--- Input data ---
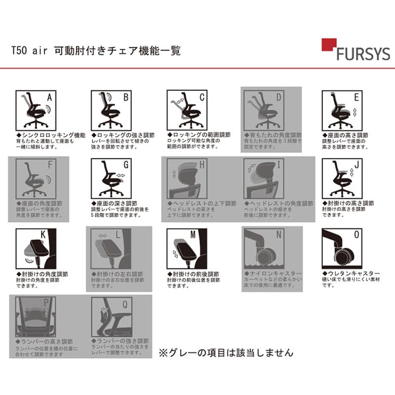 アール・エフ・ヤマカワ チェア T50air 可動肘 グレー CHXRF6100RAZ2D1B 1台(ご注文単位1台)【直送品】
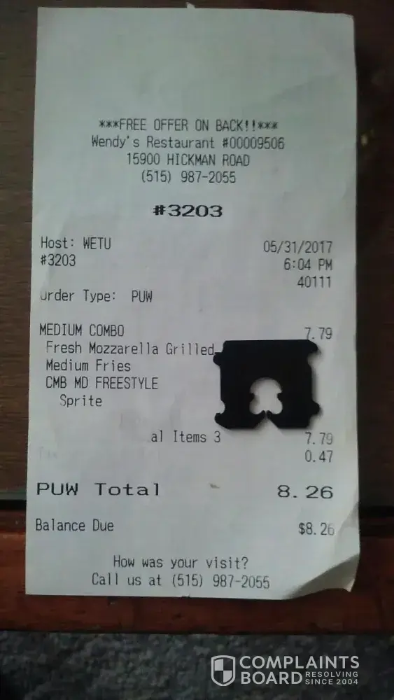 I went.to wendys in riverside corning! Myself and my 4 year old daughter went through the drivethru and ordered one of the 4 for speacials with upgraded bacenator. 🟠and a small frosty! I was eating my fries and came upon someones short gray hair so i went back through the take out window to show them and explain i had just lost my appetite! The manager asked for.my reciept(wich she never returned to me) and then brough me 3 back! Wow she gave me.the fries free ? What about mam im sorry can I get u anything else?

* * *

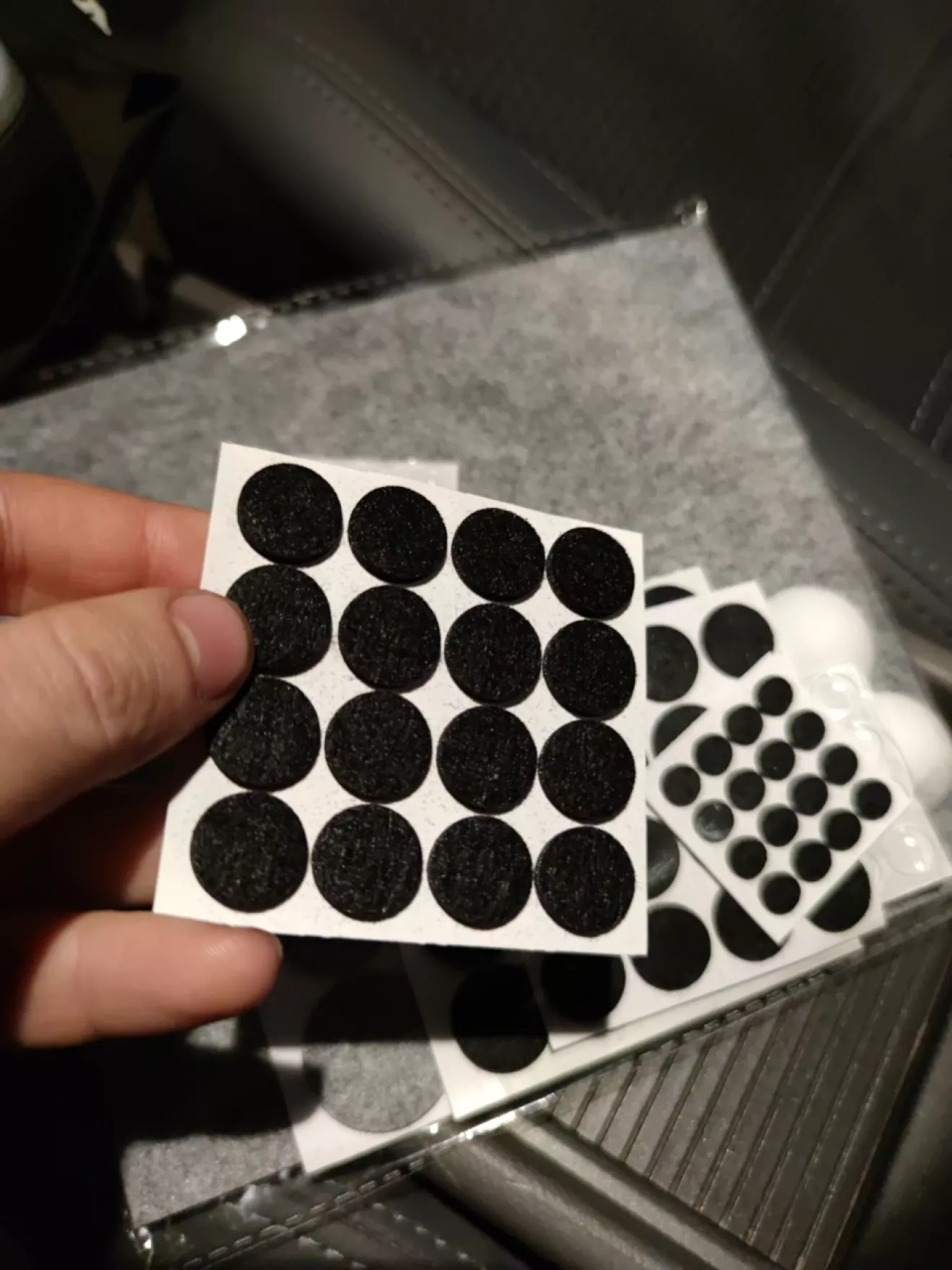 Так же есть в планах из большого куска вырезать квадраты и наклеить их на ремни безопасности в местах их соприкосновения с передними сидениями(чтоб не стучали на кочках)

--- Exercise directions ---
Copy the lines above exactly, starting at the one with "アール・エフ・ヤマカワ チェア T50air" and ending at the one with "I went.to wendys", both included. Leave out any pictures and add nothing else.

--- Task answer ---
 アール・エフ・ヤマカワ チェア T50air 可動肘 グレー CHXRF6100RAZ2D1B 1台(ご注文単位1台)【直送品】
 I went.to wendys in riverside corning! Myself and my 4 year old daughter went through the drivethru and ordered one of the 4 for speacials with upgraded bacenator. 🟠and a small frosty! I was eating my fries and came upon someones short gray hair so i went back through the take out window to show them and explain i had just lost my appetite! The manager asked for.my reciept(wich she never returned to me) and then brough me 3 back! Wow she gave me.the fries free ? What about mam im sorry can I get u anything else?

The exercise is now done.